Sen. Chris Murphy, a Connecticut Democrat, told McMahon: “It’s a really cruel thing to do to those kids. Did you think about the impact?”
McMahon doubled-down on the department’s explanation of the funding freeze, that some of these programs were tainted by what the administration considers toxic DEI ideology.
She also said that “the states and the local areas, I think, are the best place where we need to concentrate for these particular programs.”
The administration uses this trust-the-states approach throughout its budget: For the programs it does not want to cancel outright, the budget calls for stripping away regulations and sending the money to states in chunks, via block grants, that can be spent at the discretion of state leaders.
For example, the budget would fold federal funding for rural schools, students experiencing homelessness, literacy instruction and a host of other unrelated programs into one, generic bundle of money that would go to states.

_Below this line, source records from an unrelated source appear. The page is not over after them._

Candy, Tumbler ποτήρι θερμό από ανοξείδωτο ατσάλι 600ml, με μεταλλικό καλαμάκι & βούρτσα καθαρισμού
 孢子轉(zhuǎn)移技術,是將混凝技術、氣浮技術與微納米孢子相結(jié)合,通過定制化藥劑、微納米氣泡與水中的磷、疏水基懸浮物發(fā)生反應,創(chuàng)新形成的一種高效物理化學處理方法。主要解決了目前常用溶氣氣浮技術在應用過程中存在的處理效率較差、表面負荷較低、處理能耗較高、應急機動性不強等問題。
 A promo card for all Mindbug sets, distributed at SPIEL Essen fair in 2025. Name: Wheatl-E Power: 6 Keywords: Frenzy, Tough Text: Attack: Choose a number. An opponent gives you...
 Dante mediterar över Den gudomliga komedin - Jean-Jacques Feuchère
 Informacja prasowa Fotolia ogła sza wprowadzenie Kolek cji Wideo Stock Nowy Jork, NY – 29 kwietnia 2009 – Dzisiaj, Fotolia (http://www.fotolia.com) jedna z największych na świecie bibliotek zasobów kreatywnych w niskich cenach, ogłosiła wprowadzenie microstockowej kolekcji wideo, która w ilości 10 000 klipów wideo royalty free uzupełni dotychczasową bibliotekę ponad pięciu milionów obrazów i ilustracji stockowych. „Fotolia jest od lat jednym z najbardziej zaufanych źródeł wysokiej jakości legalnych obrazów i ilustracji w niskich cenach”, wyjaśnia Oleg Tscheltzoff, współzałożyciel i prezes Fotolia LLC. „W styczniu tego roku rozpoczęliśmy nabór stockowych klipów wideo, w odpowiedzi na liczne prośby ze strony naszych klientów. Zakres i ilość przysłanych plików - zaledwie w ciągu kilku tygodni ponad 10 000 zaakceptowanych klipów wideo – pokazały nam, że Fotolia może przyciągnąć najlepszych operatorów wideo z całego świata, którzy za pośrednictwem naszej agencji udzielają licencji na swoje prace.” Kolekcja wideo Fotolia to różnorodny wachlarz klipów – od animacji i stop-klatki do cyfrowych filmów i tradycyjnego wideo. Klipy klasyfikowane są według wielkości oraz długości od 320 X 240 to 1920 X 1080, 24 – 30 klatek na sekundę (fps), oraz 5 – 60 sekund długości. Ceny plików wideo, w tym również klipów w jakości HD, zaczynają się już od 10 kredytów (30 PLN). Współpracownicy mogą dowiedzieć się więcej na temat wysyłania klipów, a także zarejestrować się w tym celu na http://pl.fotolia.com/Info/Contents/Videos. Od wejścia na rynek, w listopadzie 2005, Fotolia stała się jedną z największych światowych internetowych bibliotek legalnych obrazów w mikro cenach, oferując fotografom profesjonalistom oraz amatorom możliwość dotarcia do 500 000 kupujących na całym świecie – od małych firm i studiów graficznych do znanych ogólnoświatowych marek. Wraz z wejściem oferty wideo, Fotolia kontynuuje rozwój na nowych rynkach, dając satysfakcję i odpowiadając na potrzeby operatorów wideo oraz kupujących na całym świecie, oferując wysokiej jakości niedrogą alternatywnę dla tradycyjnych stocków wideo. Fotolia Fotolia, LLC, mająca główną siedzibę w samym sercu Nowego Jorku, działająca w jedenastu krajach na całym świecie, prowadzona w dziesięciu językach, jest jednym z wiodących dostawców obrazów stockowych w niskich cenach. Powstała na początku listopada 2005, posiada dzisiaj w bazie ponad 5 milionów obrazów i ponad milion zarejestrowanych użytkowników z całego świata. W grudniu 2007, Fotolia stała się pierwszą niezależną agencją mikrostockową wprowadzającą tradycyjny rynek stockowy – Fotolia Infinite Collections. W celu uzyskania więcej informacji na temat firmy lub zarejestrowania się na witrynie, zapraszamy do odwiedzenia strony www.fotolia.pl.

- The fate of Upward Bound and the other TRIO programs
The department’s fiscal year 2026 budget would end a cluster of federal programs known collectively as TRIO, meant to help low-income and first-generation students access and succeed in college. And McMahon heard bipartisan support for TRIO and pleas to save the programs.
At one point during Tuesday’s hearing, Maine Republican Sen. Susan Collins pointed out that she was wearing a Maine TRIO pin on her lapel and that three of her staff members had gone through TRIO. Collins said she had seen first-hand how the programs had changed the lives of many vulnerable Americans for whom college might have otherwise been out of reach.

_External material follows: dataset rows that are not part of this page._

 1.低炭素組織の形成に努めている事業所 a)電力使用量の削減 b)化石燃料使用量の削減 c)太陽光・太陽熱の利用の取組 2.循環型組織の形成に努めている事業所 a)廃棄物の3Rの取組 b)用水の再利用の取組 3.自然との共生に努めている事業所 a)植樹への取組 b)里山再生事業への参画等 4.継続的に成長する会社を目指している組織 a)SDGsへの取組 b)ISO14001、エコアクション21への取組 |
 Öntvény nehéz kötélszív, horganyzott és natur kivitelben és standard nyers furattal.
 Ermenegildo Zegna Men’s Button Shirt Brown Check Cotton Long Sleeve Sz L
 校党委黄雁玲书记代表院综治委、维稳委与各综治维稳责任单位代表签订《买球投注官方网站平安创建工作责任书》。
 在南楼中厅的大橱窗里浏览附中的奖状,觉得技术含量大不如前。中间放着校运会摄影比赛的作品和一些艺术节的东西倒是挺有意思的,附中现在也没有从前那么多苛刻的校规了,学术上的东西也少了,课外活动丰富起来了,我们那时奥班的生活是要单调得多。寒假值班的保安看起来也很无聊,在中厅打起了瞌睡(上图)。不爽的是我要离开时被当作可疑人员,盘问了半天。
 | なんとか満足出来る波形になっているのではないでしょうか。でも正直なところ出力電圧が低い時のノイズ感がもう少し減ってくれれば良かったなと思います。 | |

When asked by Collins why the administration thinks TRIO isn’t worth the investment, McMahon answered that the department of education lacks the ability to audit TRIO, to make sure the federal funding is being used appropriately.

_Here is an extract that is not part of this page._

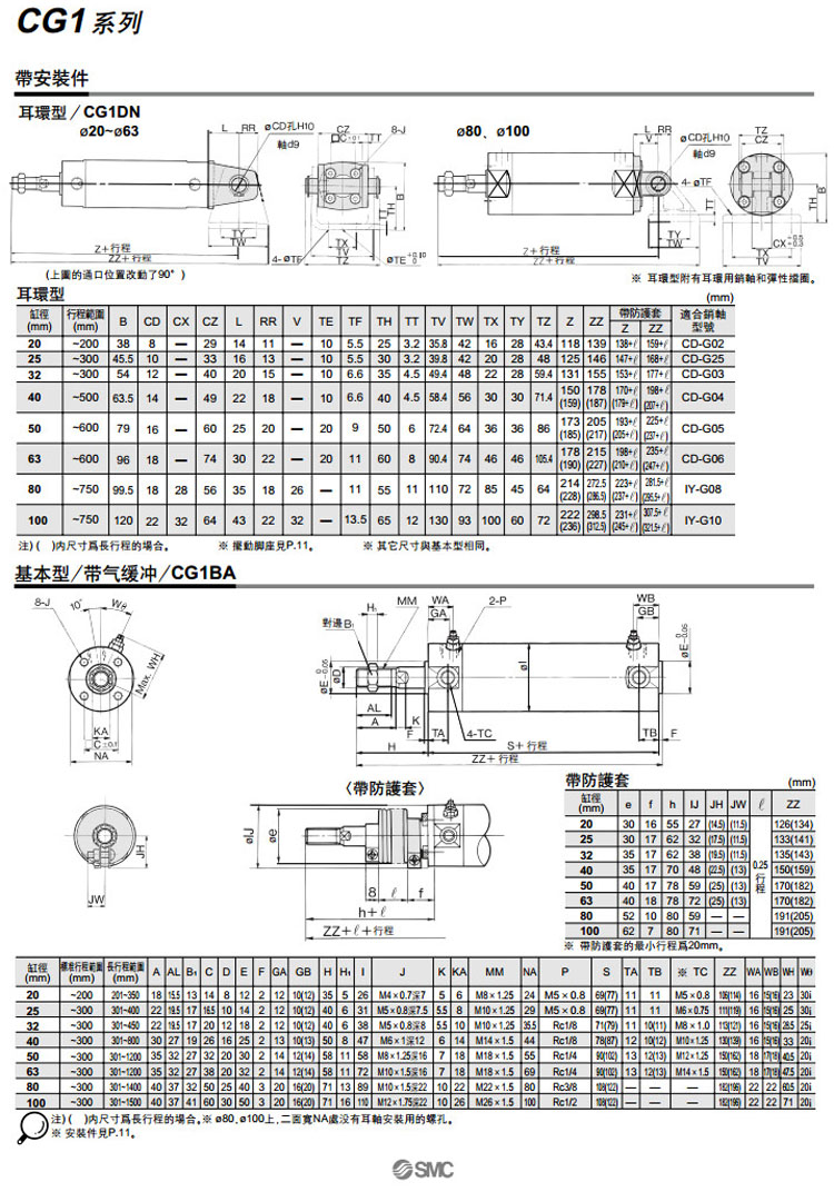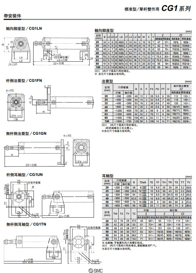 CDG1BN20,CDG1LN20,CDG1FN20,CDG1LA20,CDG1FA20,CDG1GN20,CDG1UN20,CDG1TN20,CDG1DN20,SMC標準型氣缸

Multiple senators voiced support for TRIO during the hearing and, at one point, New Hampshire Democrat Jeanne Shaheen told McMahon, “if there is a problem with accountability, let’s address that … but let’s not throw the baby out with the bathwater.”
- Who should pay for workforce programs?
The administration’s proposed consolidation of workforce-development programs was met with a range of responses, from slight apprehension to open hostility, from lawmakers from both parties.
Rep. Bobby Scott, a Virginia Democrat, pressed the Secretary to put a number on the cuts across the budget: “When the dust settles do we understand that there will be about a 33% cut across workforce development?”
McMahon did not answer the question with a yes or no, but continued to highlight the need for workforce development without the federal government shouldering the cost.
Rep. Haley Stevens of Michigan, also a Democrat, made a plea for her home state: “We are competing on a world stage,” she said of Michigan’s manufacturing apparatus. “We need these engineering jobs, we need these apprenticeship programs.”
In a later exchange with a Republican representative, Mark Messmer of Indiana, Secretary McMahon said the administration was looking into expanding public-private partnerships for career and technical education.
She cited a program in West Virginia that is a partnership between community colleges and the car manufacturer Toyota. Students there train in the auto plant and take classes at the college to develop a built-in workforce funded by the employer, she said.